Exercise description. The reply must repeat the listing below exactly and carry none of its pictures.

Information shown.

--

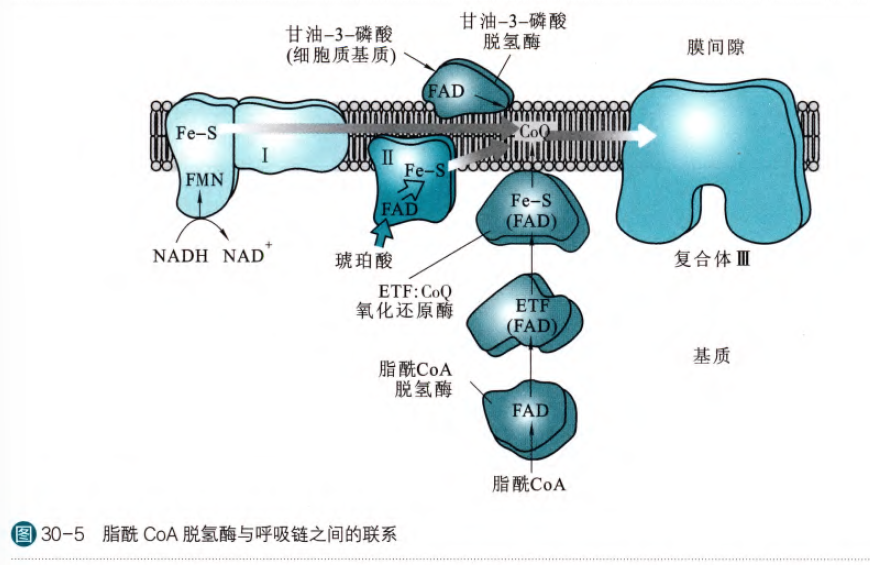 这一步是由脂酰CoA脱氢酶催化的,此脱氢酶依赖FAD,FADH2将电子通过电子传递黄素蛋白,传递给铁硫蛋白然后最后传递给辅酶Q,然后从复合体III进入呼吸链。所以这里的FADH2不通过复合体II进入呼吸链,而是直接从复合体III进入,所以这一步会生成1.5ATP
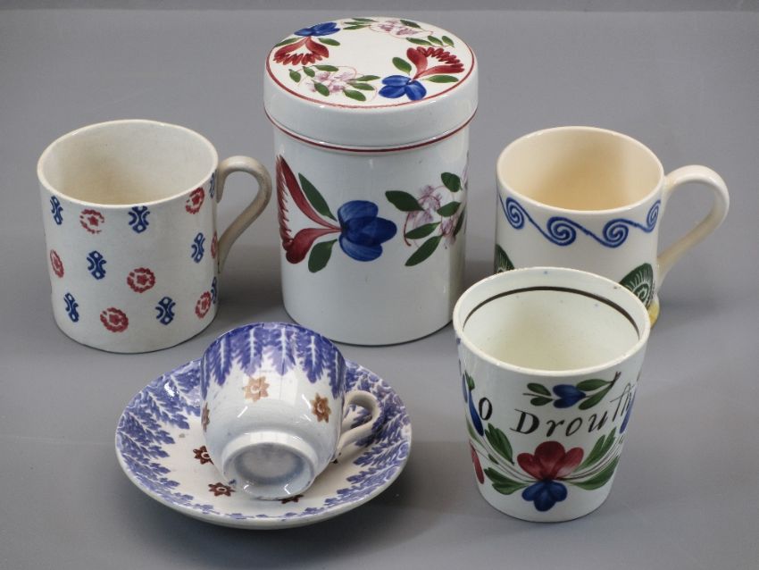 A T G GREEN FLORAL CIRCULAR LIDDED POT, a small tapered floral painted beaker - 'Old Drouth', two spongeware style mugs and a small early spongeware blue and white cup and saucer
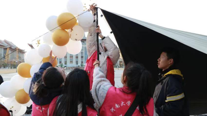 11月27日早晨来自国产色情 的志愿者们便乘坐大巴车前往郑州校区进行音乐节的准备工作。志愿者们分为机动组、设备维护、场地维护等各个小组,吹气球、搭帐篷、搬设备、发宣传页,分工明确,井然有序。演员们也提前到场,一遍遍走场排练,精确站位,确保音乐节的顺利开展。
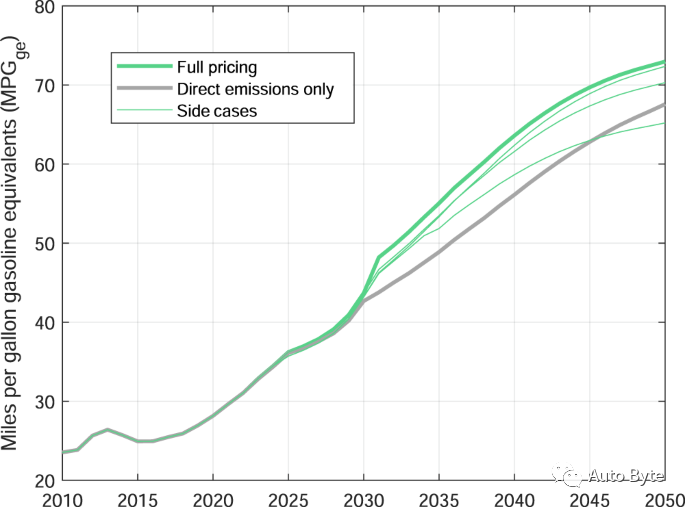 结果显示,当对全生命周期排放进行定价时,电池电动汽车的加速普及,使完全定价的平均燃料经济性比直接排放定价的经济性更高。然而,氢燃料电池电动汽车份额较高的副案(Side cases)表现出显着较低的平均燃料经济性。

--

Your response.
 这一步是由脂酰CoA脱氢酶催化的,此脱氢酶依赖FAD,FADH2将电子通过电子传递黄素蛋白,传递给铁硫蛋白然后最后传递给辅酶Q,然后从复合体III进入呼吸链。所以这里的FADH2不通过复合体II进入呼吸链,而是直接从复合体III进入,所以这一步会生成1.5ATP
 A T G GREEN FLORAL CIRCULAR LIDDED POT, a small tapered floral painted beaker - 'Old Drouth', two spongeware style mugs and a small early spongeware blue and white cup and saucer
 11月27日早晨来自国产色情 的志愿者们便乘坐大巴车前往郑州校区进行音乐节的准备工作。志愿者们分为机动组、设备维护、场地维护等各个小组,吹气球、搭帐篷、搬设备、发宣传页,分工明确,井然有序。演员们也提前到场,一遍遍走场排练,精确站位,确保音乐节的顺利开展。
 结果显示,当对全生命周期排放进行定价时,电池电动汽车的加速普及,使完全定价的平均燃料经济性比直接排放定价的经济性更高。然而,氢燃料电池电动汽车份额较高的副案(Side cases)表现出显着较低的平均燃料经济性。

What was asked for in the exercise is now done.